Plein soleil d’automne, énorme, radieux. Et de rouler au pas derrière ce tracteur qui traîne le produit de la traite permet de découvrir encore de nouvelles perspectives. Ce petit abri dont le toit est recouvert de feuilles jaunes. L’ordonnancement admirable de ces jardins. La couleur brune des chèvres de montagne, en parfaite harmonie avec ce paysage. Plus un fruit au cognassier, mais que ces lignes rouges sur la façade des maisons prennent bien la lumière ! (Prendre la lumière est une drôle d’expression. Il faudrait dire : accueillir la lumière, s’offrir à la lumière…)

Voici cette combe au fond de laquelle se tend le Grand Arc et s’ouvre la Maurienne, cette combe qui, en temps normal, procure déjà un plaisir particulier. Aujourd’hui n’est pas un temps normal, aujourd’hui est un temps de grande intensité, un temps de clarté inhabituelle, un temps où même le passant le plus obtus, le plus indifférent, le plus englué dans les soucis s’exclame : « que c’est beau ! »

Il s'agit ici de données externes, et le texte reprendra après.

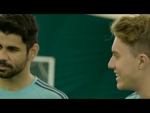 Two Chelsea FC academy players came up against the Spaniard in training as both of them tried to stop him from scoring. However, the two were successful just twice with Costa finding the back of the net on every other attempt.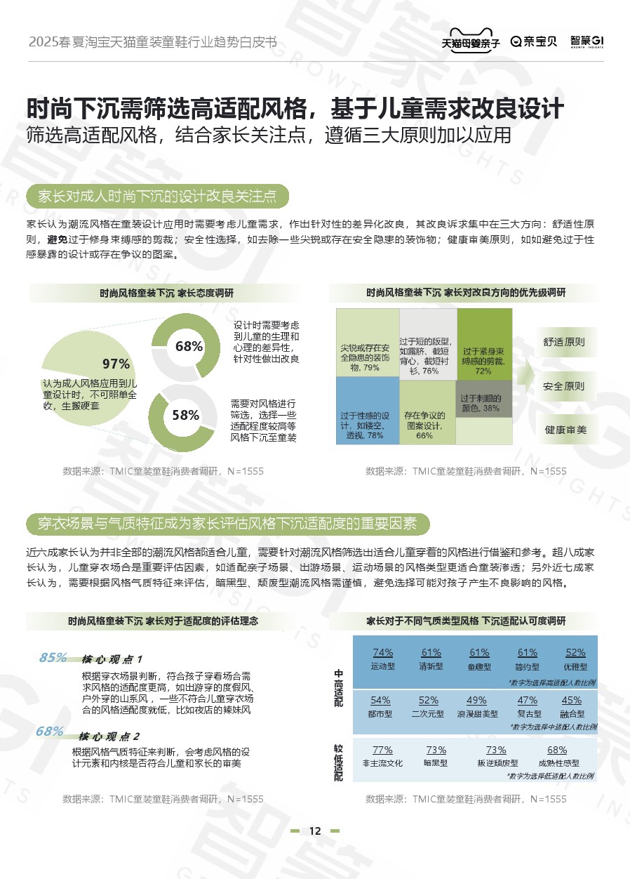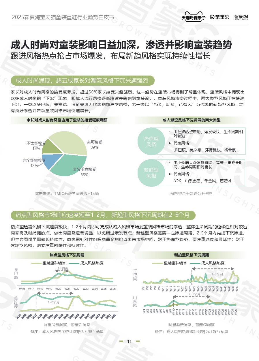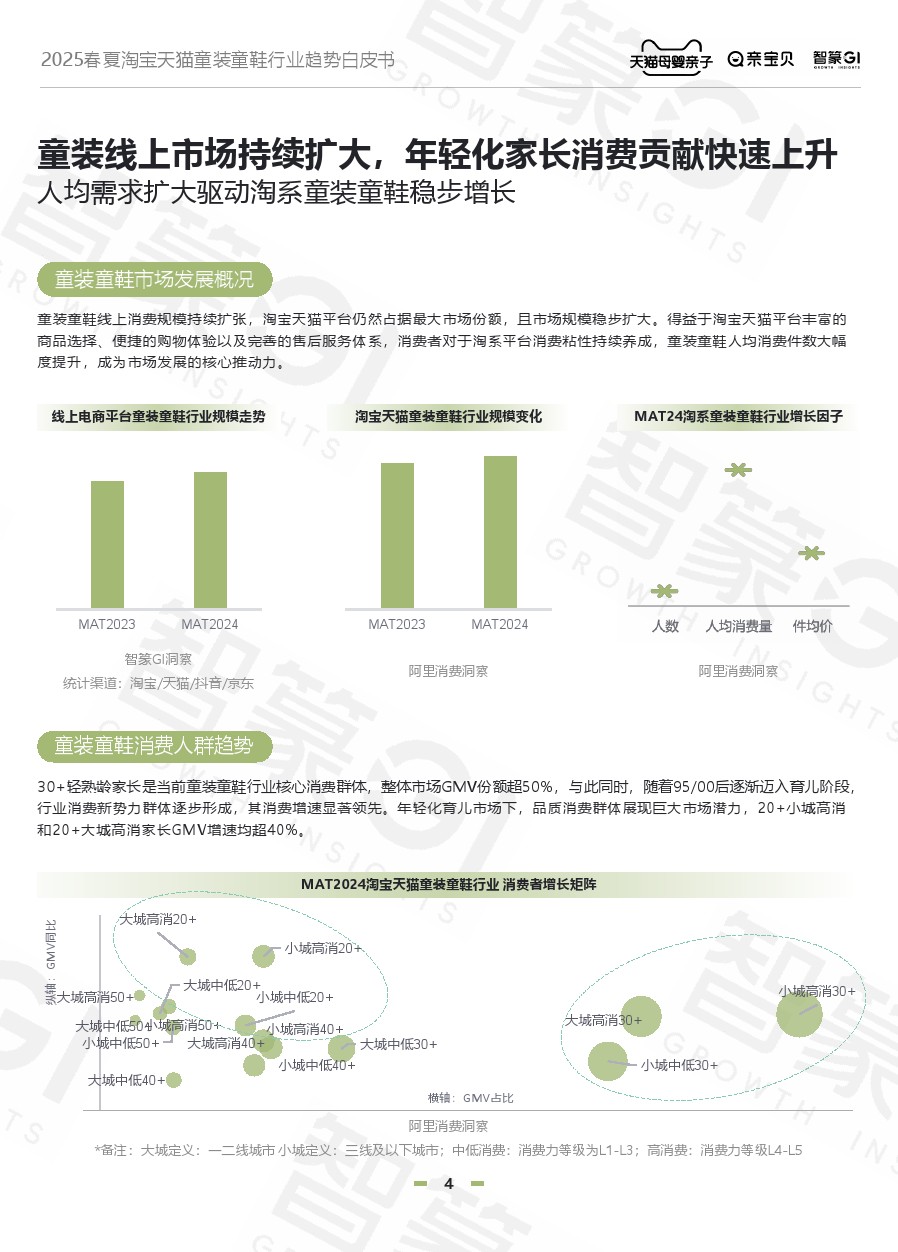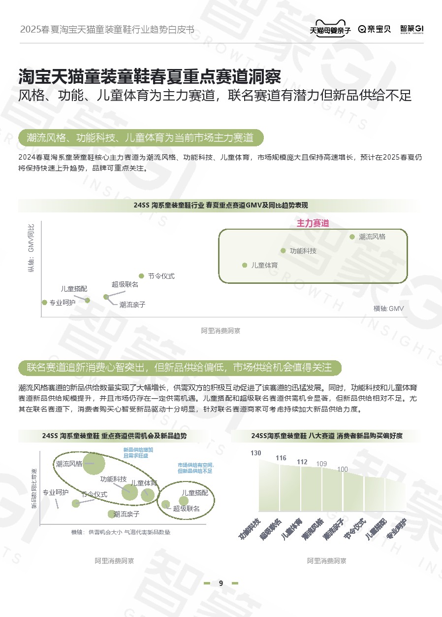 童裝童鞋線上市場持續(xù)擴張,淘寶天貓占據(jù)主導(dǎo)地位。 市場核心消費群體為30+輕熟齡家長,但95/00后新勢力群體增速顯著。 大童市場增長亮眼,兒童自主決策權(quán)提升,對科技、時尚更為關(guān)注。 女童市場需求強勁,家長注重顏值與風(fēng)格塑造。 2024春夏,潮流風(fēng)格、功能科技、兒童體育將成為核心賽道,品牌應(yīng)關(guān)注新品供給與消費者需求匹配。 同時,大童尺碼問題凸顯,品牌需多元化產(chǎn)品線以滿足需求。 整體而言,童裝童鞋市場面臨新挑戰(zhàn)與機遇,品牌需不斷創(chuàng)新優(yōu)化,以滿足日益多元化的消費需求。 |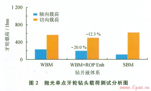 使用后傾角為20°切削深度1.27 mm的鉆頭,在120 rmin的轉(zhuǎn)速下進(jìn)行單點(diǎn)牙輪鉆井模擬試驗(yàn)。牙輪載荷越大,說明發(fā)生的泥包現(xiàn)象越嚴(yán)重。從圖1可見,鉆頭在合成基鉆井液(Synthetic-Based Mud簡稱SBM)中的牙輪載荷最低;鉆頭在水基鉆井液(Water-Based Mud,簡稱WBM)中的牙輪載荷最大;水基鉆井液中加入ROP增速劑后載荷明顯下降,拋光后的鉆頭載荷比未拋光鉆頭的載荷要小得多。測試結(jié)果見圖l2[2]。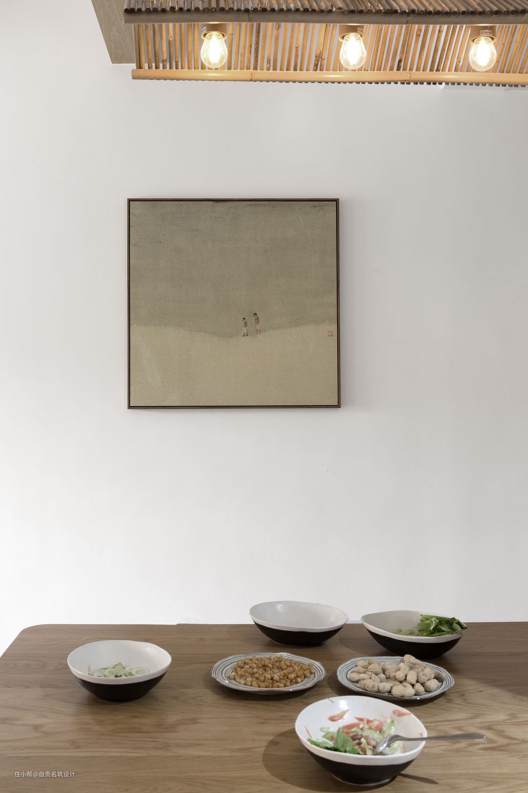 餐厅竹编灯造型温暖别致,在暖暖的灯光下增添了食欲。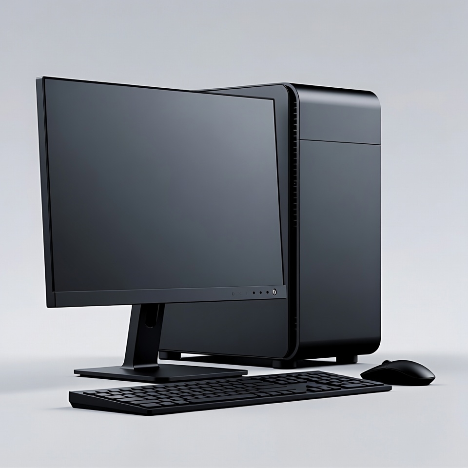 3D render, PC build, PC tower, black computer, computer desk setup, computer monitor, curved monitor, desktop computer, electronics, gaming setup, hardware, isolated background, keyboard, mouse, technology, gaming PC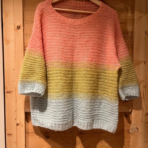 Jean Paul Melinda genser i størrelse M for kvinner. Genseren er aprikosfarget og laget av mohairull, som gir et mykt og varmt materiale. Passer til hverdagsbruk og kan kombineres med ulike antrekk.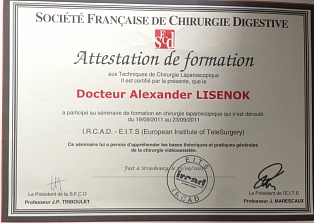 - Клиника Севиль (Иркад), стажировка по «Урологии с курсом лапароскопии», Страсбург, Франция.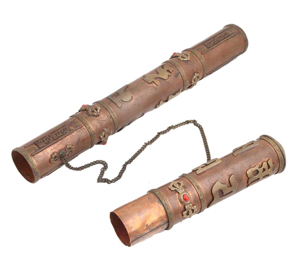 This Copper With Brass Tibetan Scroll Holder with lettering and beading done by the local artisans. The scroll has a lid that is attached with a rustic metal link chain. Wedding gift,souvenir,table decoration, Diwali gift,christmas gift for your near and dear ones.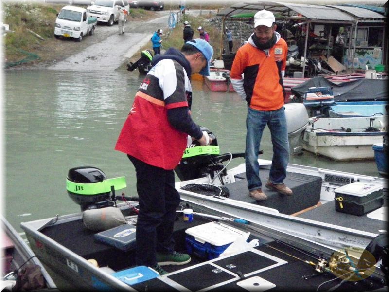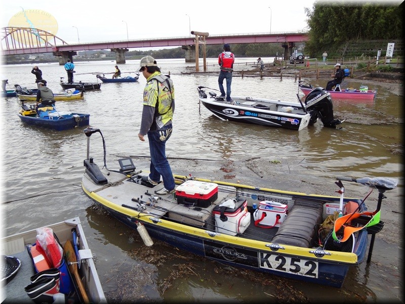 スタートは朝のミーティングの抽選で決まった順でスタート。スタートに向けて関東Aの選手も準備に余念がない中、渕井選手は朝から陽気?です。こりゃー見えてる余裕か?やけくそなのか?まー燃えてはいましたが。そして高滝湖の状況ですが。やはり高滝湖も前日から大雨&大風で湖の状況も一変してしまったようで。水はまさにコーヒー牛乳の様にまっ茶色、多くのゴミが浮いてます。こりゃー厳しくなっちゃてるんでしょうなー。
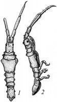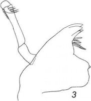 Антенна 1 достигает примерно дистального края членика 2 стебелька антенны 2. Антенна 2 крепкая, достигает 0.7-0.8 длины тела; жгутик 4-члениковый, дистальный членик когтевидный.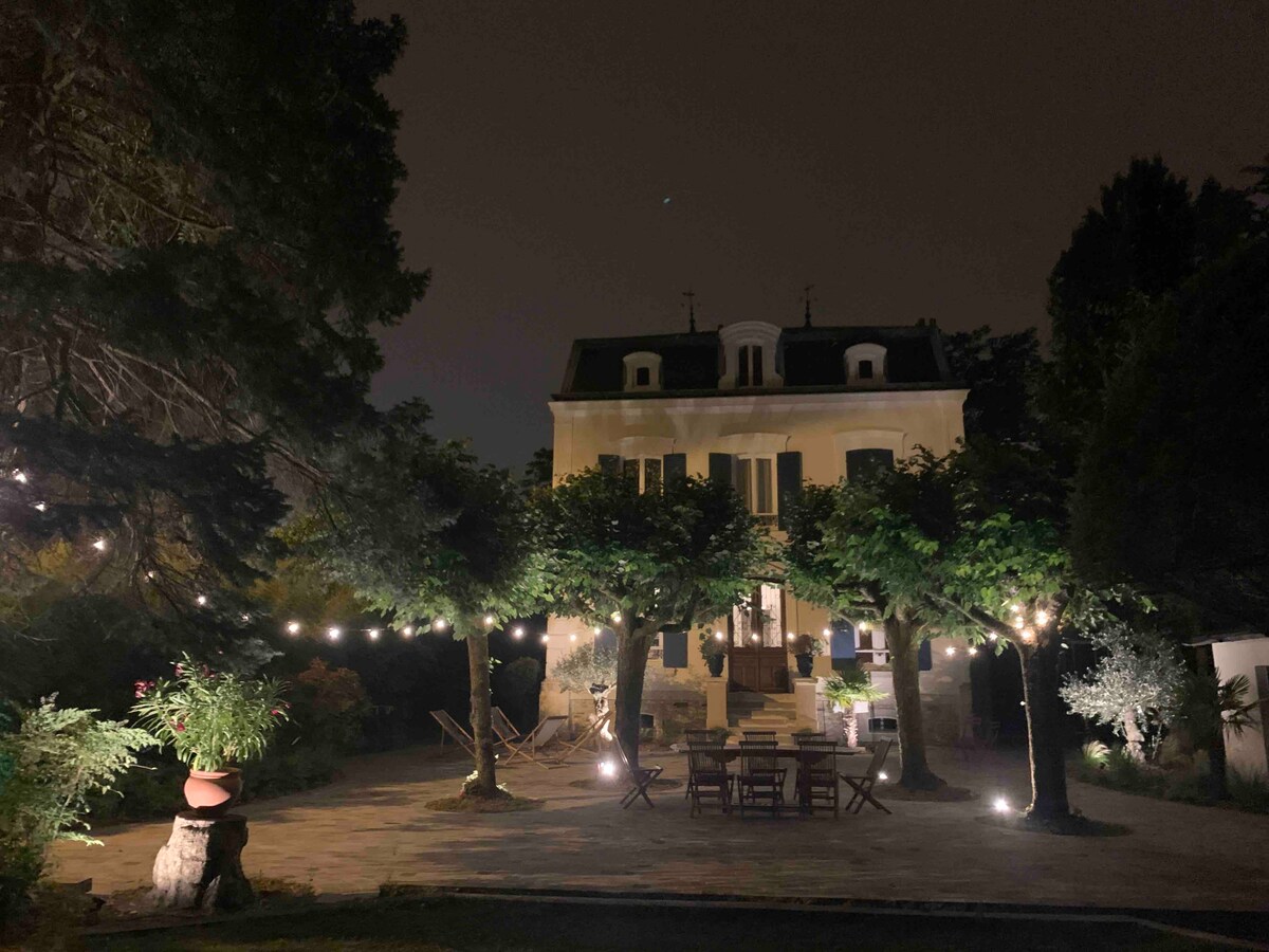 Էաուբոննի կենտրոնում, բոլոր խանութներին մոտ, Նապոլեոն III ոճի այս առանձնատունը ողջունում է ձեզ արտոնյալ միջավայրում: Դուք կվայելեք կանաչապատ և հանգիստ զբոսայգի ՝ Փարիզ կամ անտառ այցելելուց հետո հանգստանալու համար: Զվարճալի հարմարությունները հիացնում են երիտասարդ և ծեր մարդկանց ՝ ֆուտբոլային խաղով կամ մի քանի բասկետբոլային խաղահրապարակներով ։ Խորովածի երեկոները կտուրում կամ հյուրասենյակում ՝ բուխարու մոտ, կստիպեն ձեզ անցկացնել հրաշալի պահեր ։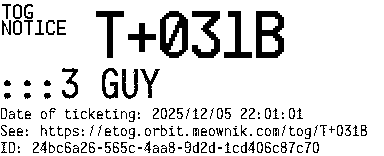 Orbit eTOG Listing Service: T+031B :::3 GUY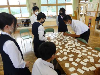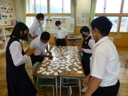2年4限 楡の木タイム 公開日 2022/06/03 更新日 2022/06/03 日々の活動から 6月3日(金) 2年生の楡の木タイムの様子です。 狩歌というカードゲームを行っていました。 その後席替えをしていました。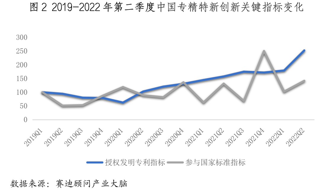 2022年第二季度,我国专精特新授权发明专利指标数据为252.5,较上年同期增长60.2%,较2022年Q1增长40.8%,同比与环比均实现快速增长,专精特新企业创新能力和创新水平实现了进一步提升。同样,从参与国家标准指标数据看,2022年第二季度我国专精特新企业参与国家标准指标数据为141.7,较上年同期增长7.8%,较Q1环比增长38.4%,彰显专精特新企业行业影响力、技术影响力、产品影响力在不断增强。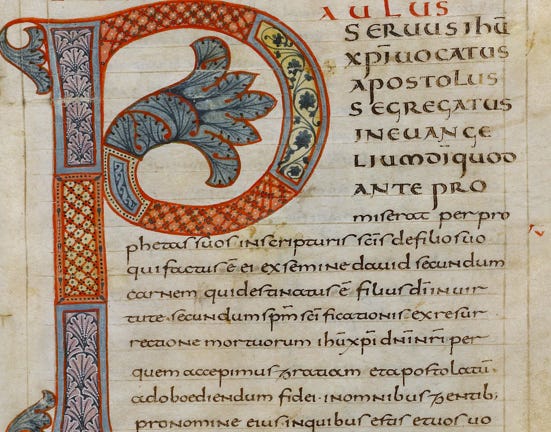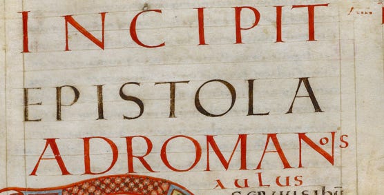 Incipit Epistola Ad Romanos. Paulus servus Christi Iesu vocatus apostolus segregatus in evangelium Dei quod ante promiserat per prophetas suos…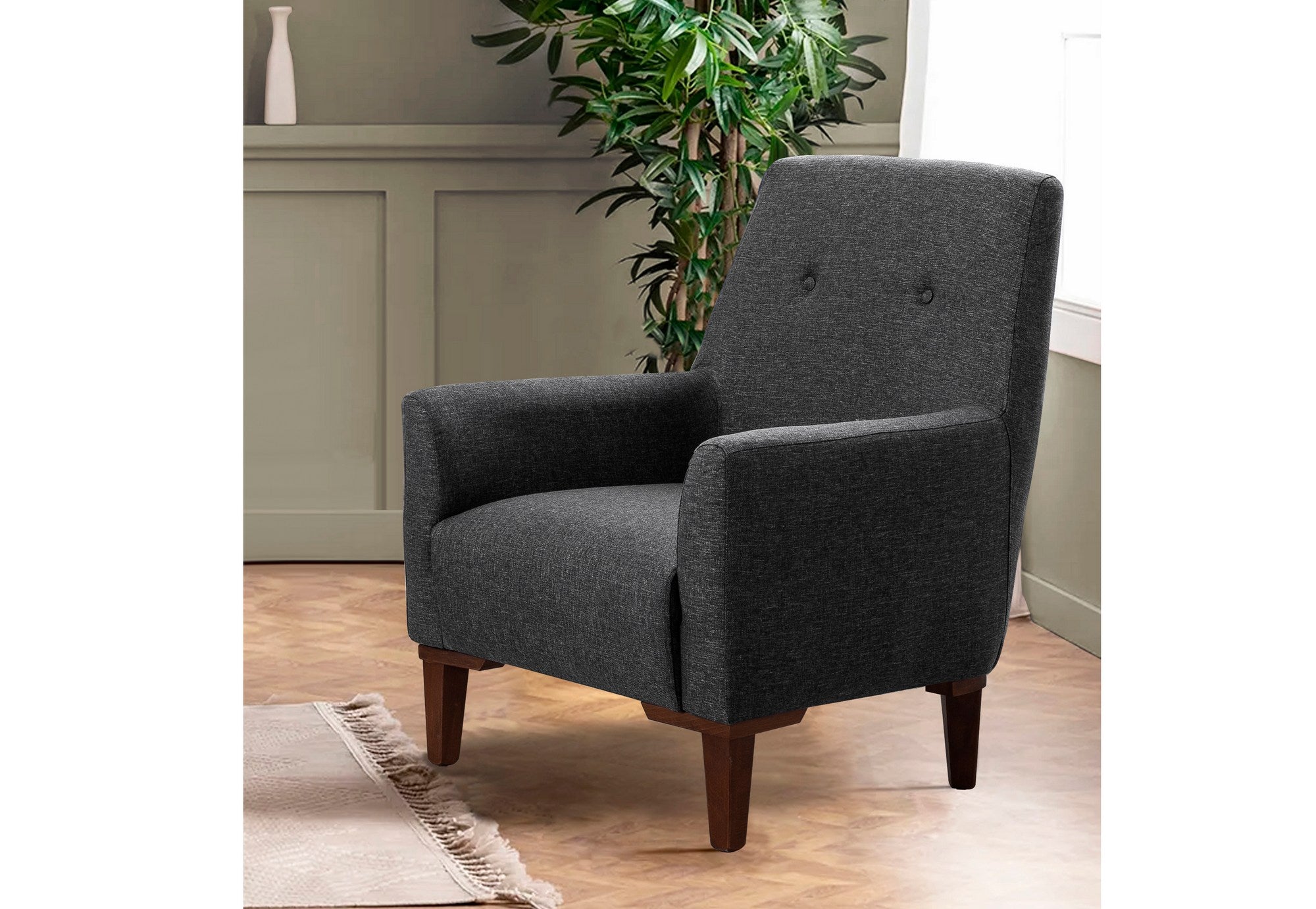 Njut av lyx och komfort med vår utsökta öronlappsfåtölj. Denna eleganta möbel kommer inte bara att lyfta stilen i ditt vardagsrum utan också ge dig en mysig plats att koppla av och varva ner efter en lång dag. Kombinationen av antracit- och valnötsfärger ger en sofistikerad touch till alla rum och gör den till ett tidlöst tillskott till din heminredning.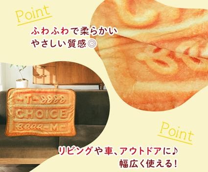 人気ビスケット「チョイス」を忠実に再現したビジュアルと、ふわふわでやさしい触り心地がポイントのブランケットです。
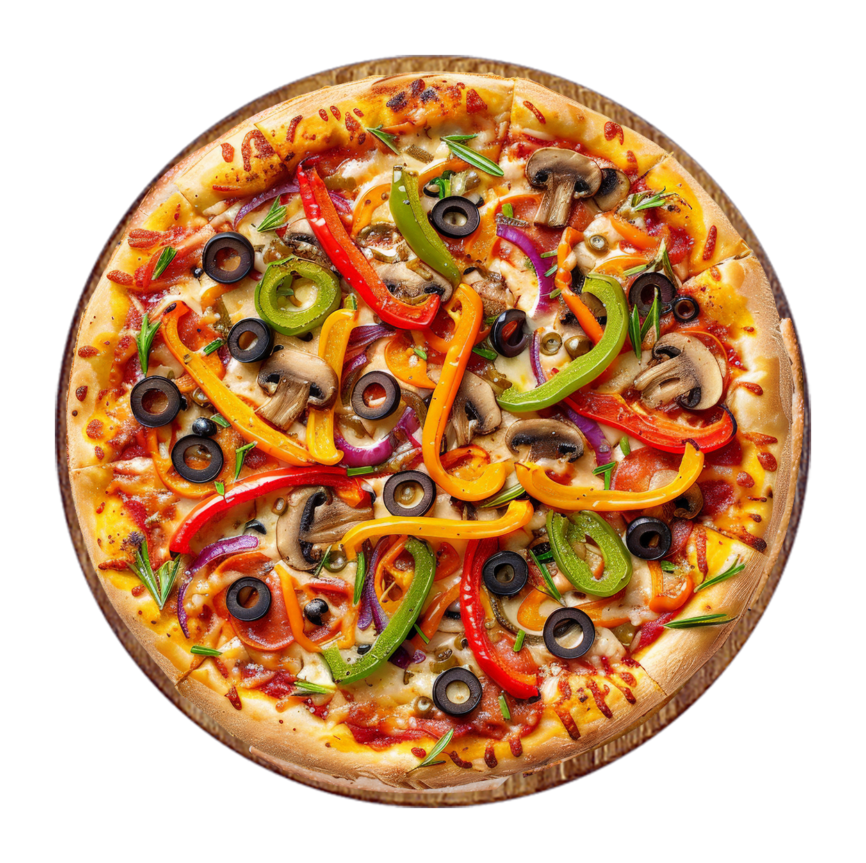 Sauce tomate, fromage, champignons, poivrons, artichauts, olives.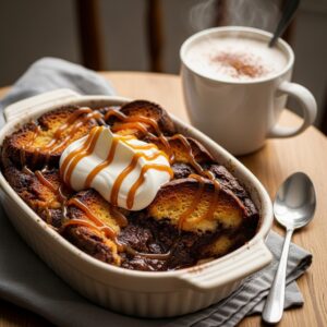 The bread soaks up a rich chocolate custard and bakes until gooey and soft. Serve warm with whipped cream or a drizzle of caramel sauce for pure comfort.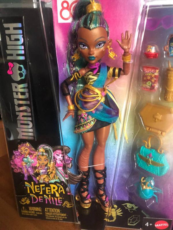лялька кукла Monster High Nefera De Nile Кукла Monster High Нефера Де Нил, королевская мумия в платье с питомцем-скарабеем и 7 аксессуарами: сумочкой, ноутбуком, солнцезащитными очками, напитком и закусками, оригинал, новая, в наличии есть 2 штуки

Folle générosité de l’automne, de la lumière, du soleil d’automne. On n’éprouve pour cela une sorte de passion, presque comparable au sentiment amoureux. Naturellement le fait qu’on sache ces couleurs promises à une disparition imminente renforce leur attrait. Mais on ne s’en désole plus. Que tout cela soit éphémère, que peut-être on n’arrive même pas jusqu’au bout de la route à cause du verglas (et ici la voiture dérape légèrement…) n’est pas si grave. D’accord. J’accepte. C’était beau, ça l’est encore, merci. Merci. Merci.

Hommage à l’automne, à la générosité de l’automne. Généreux est l’automne. Plus que le printemps. C’est peut-être aujourd’hui le jour qui convient pour changer les drapeaux, pour les remplacer par ces drapeaux neufs ramenés par nos voisins d’un voyage au Népal. Hommage aux couleurs, à la lumière, à la beauté du monde.

Je sais. En ce moment, ma grand-mère – et avec elle beaucoup d’autres – est en train de mourir. Je sais. Peut-être en ce moment des êtres chers sont en train de souffrir. Je sais : en ce moment, des êtres chers sont en train de souffrir. Je sais, en ce paysage, la coupure de la souffrance, partout saignante, et la confusion embusquée. Je sais tout cela, qui n’entame en rien l’éclat du présent.